Colombia busca liderar un bloque climático sin grandes potencias fósiles
Colombia busca liderar bloque climático sin potencias fósiles

En medio de tensiones geopolíticas y un repunte en los precios internacionales del crudo, cerca de 60 países se reunieron en Santa Marta con el objetivo de avanzar hacia una salida progresiva de los combustibles fósiles, al margen de las negociaciones climáticas multilaterales.
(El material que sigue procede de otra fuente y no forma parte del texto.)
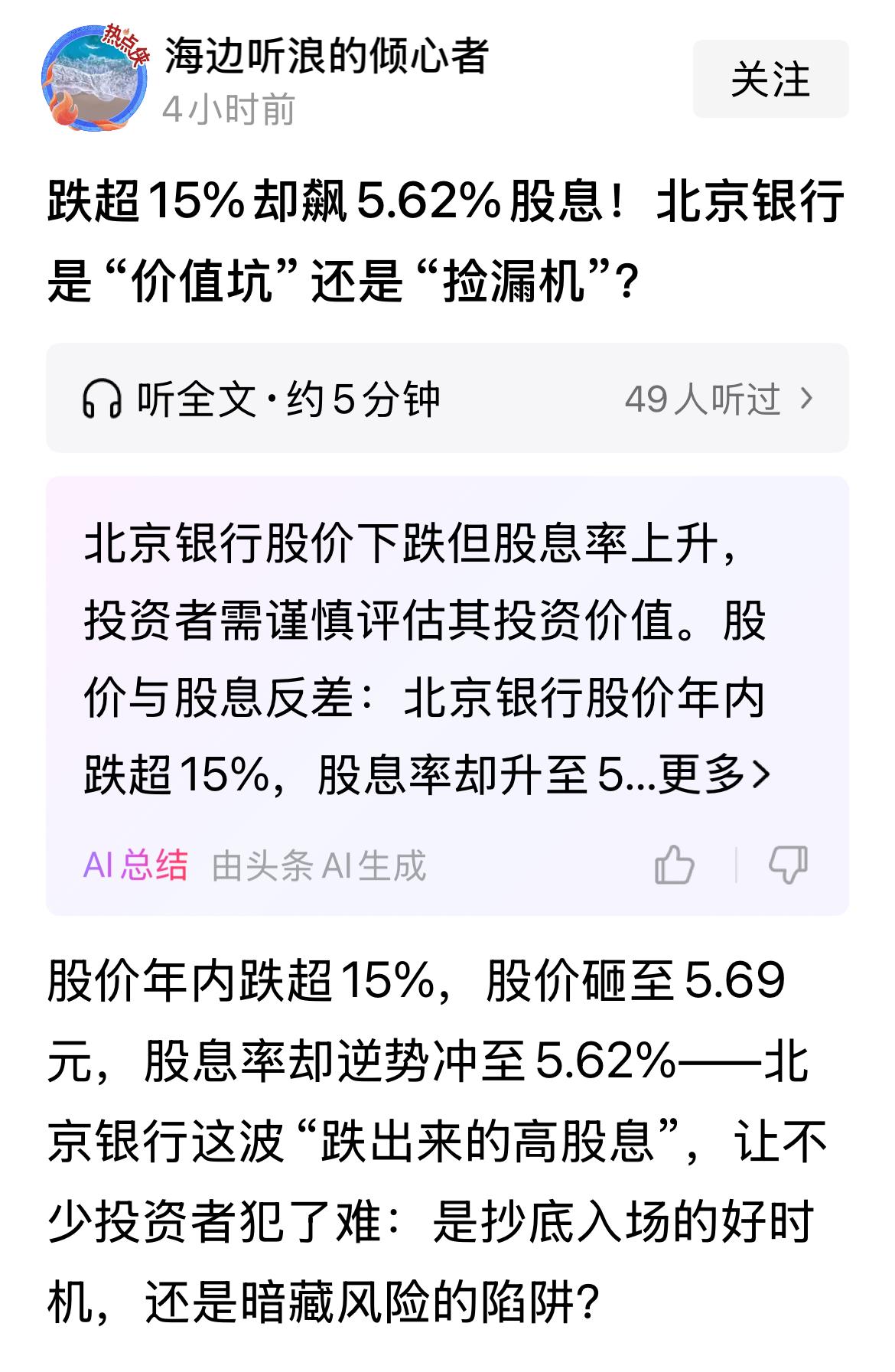 看你是持什么投资策略,对以炒股赚取差价的投资者来说是个垃圾股或者说是鸡肋股,而对长期持股收息的投资者来说是个金股。 以下两点是比较确定的: 一、北京行是42家A股上市公司之一,这42家银行是中国最优质银行代表。业绩发展的确定性预期较高,倒不了。虽然第一大股东是外资银行,但具有国资背景的股东合计持股占比超过50%,北京行是具有国资背景的银行。 二、股息率目前在42家银行中排名第二,达5.67%,仅次于华夏的5.87%。从历年的分红情况来看这个股息率在股价不涨或下跌的前提下是可以长期保持的。在两种情况下它的股息率会下降,一是股价上涨,二是净利润大幅度下降。 是鸡胁股还是金股呢?

Así lo aseguró la ministra encargada de Ambiente, Irene Vélez, en una entrevista con la agencia AFP, en la que calificó este bloque emergente como un "nuevo poder" global capaz de redefinir la agenda energética.

Una coalición sin los gigantes energéticos

Aunque en Santa Marta participan países productores como Canadá, Australia y Brasil, llama la atención la ausencia de grandes emisores globales como Estados Unidos, China y Rusia. Sin embargo, lejos de interpretarlo como una debilidad, Vélez planteó a AFP que esta ausencia puede ser estratégica. Según la funcionaria, los grandes emisores han sido históricamente un freno dentro de las negociaciones climáticas, particularmente en escenarios como las Conferencias de las Partes (COP), donde el modelo de consenso otorga poder de veto.

En contraste, los países presentes, que representan cerca del 50% de la población mundial, podrían avanzar con mayor agilidad hacia soluciones concretas. "Hoy somos un nuevo poder", enfatizó Vélez, al destacar la convergencia entre naciones productoras, consumidoras y altamente vulnerables al cambio climático.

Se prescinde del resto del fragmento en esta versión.